**Materials provided:**
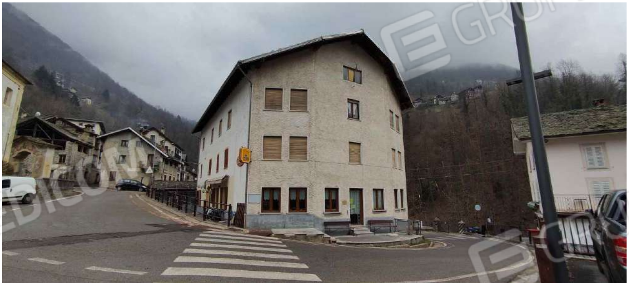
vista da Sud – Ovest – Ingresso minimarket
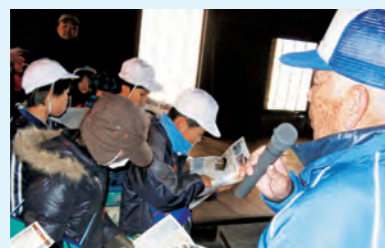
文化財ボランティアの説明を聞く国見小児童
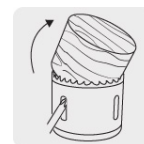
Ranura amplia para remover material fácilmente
...
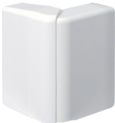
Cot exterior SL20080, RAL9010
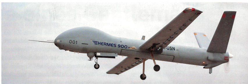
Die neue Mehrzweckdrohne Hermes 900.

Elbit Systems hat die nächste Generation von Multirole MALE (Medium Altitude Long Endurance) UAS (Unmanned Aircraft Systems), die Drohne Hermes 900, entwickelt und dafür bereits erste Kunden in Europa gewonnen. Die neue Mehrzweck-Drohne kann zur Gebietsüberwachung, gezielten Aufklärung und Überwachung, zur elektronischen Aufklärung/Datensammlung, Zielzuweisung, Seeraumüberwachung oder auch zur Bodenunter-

**Required action:** Apply a filter for "neue" to the entries and show each line that passes.

**Answer space:**
Die neue Mehrzweckdrohne Hermes 900.
Elbit Systems hat die nächste Generation von Multirole MALE (Medium Altitude Long Endurance) UAS (Unmanned Aircraft Systems), die Drohne Hermes 900, entwickelt und dafür bereits erste Kunden in Europa gewonnen. Die neue Mehrzweck-Drohne kann zur Gebietsüberwachung, gezielten Aufklärung und Überwachung, zur elektronischen Aufklärung/Datensammlung, Zielzuweisung, Seeraumüberwachung oder auch zur Bodenunter-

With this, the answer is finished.